Stichting Administratiekantoor Bekaert (the "STAK") and the other parties acting in concert with the STAK (the "Concert") will not, in the event the Board decides to implement the SBB, be requested to make a commitment towards the Company not to hold more than a certain percentage of the voting rights related to the issued and outstanding shares in the Company.
The Board engages in a discussion.

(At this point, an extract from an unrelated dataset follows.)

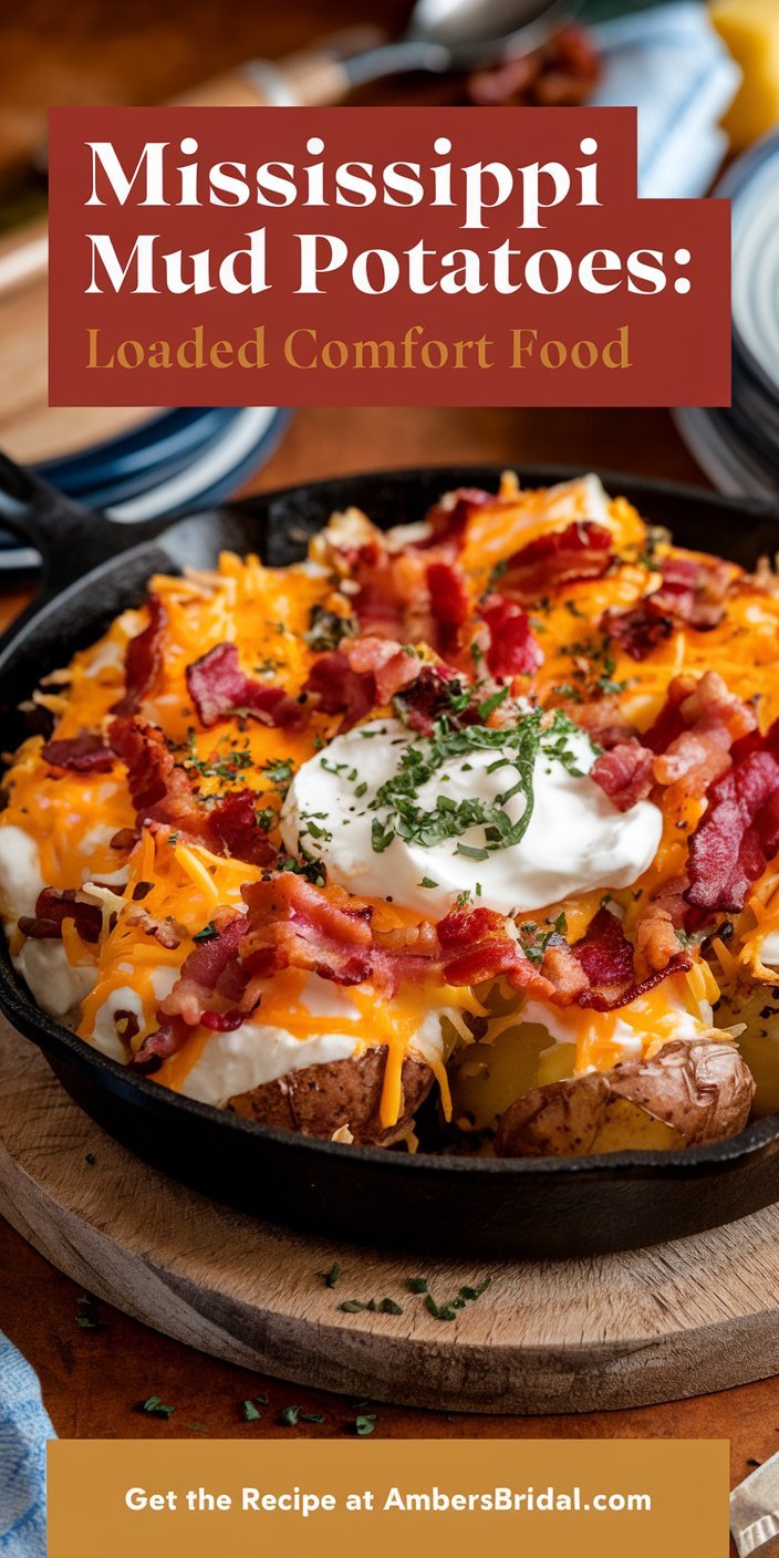 Mississippi Mud Potatoes are a decadent side dish or appetizer that combines crispy potatoes, gooey cheese, and savory bacon. They’re perfect for potlucks or family dinners.

It believes that the SBB and the performance of the obligations of the Company in that regard are in the interest of the Company.
RESOLUTION
The Board resolves:
- to approve, in accordance with, and subject to the conditions of, the mandate of the Extraordinary General Meeting of Shareholders of the Company of 8 May 2024, the SBB.
- that such share buy-back program will be implemented in accordance with applicable laws and regulations, the Company's Articles of Association, the Program Rules and the Bekaert Dealing Code;
- that, in accordance with the Company's Articles of Association, the purchase price should range between minimum € 1.00 and maximum thirty per cent above the arithmetic average of the closing price of the Company's share during the last thirty trading days preceding the date of the present resolution;
- that, in accordance with the Company's Articles of Association, the maximum number of shares that can be purchased under the SBB is limited to twenty per cent of the total number of shares outstanding of the Company, minus the number of own shares already held by the Company (irrespective of whether such shares have been acquired in the context of the SBB, a liquidity arrangement or otherwise), so that the total number of own shares
held by the Company shall never exceed twenty per cent of the total number of shares outstanding;
- to entrust the execution of the share buy-back program to an independent broker, which will make its trading decisions concerning the timing of the purchases independently of the Company;
- that the shares bought by the Company pursuant the share buy-back program shall be canceled;
- that any two of the following persons, acting jointly and with the power of substitution, are hereby authorized to select and appoint the independent broker, negotiate, finalize, agree on the final terms of and execute any agreements and any other document implementing the share buy-back in the name and on behalf of the Company:
- o Yves Kerstens;
- o Seppo Parvi;
- o Kathryn Taylor;
- o Philip Eyskens,
(such persons, the "Authorized Signatories").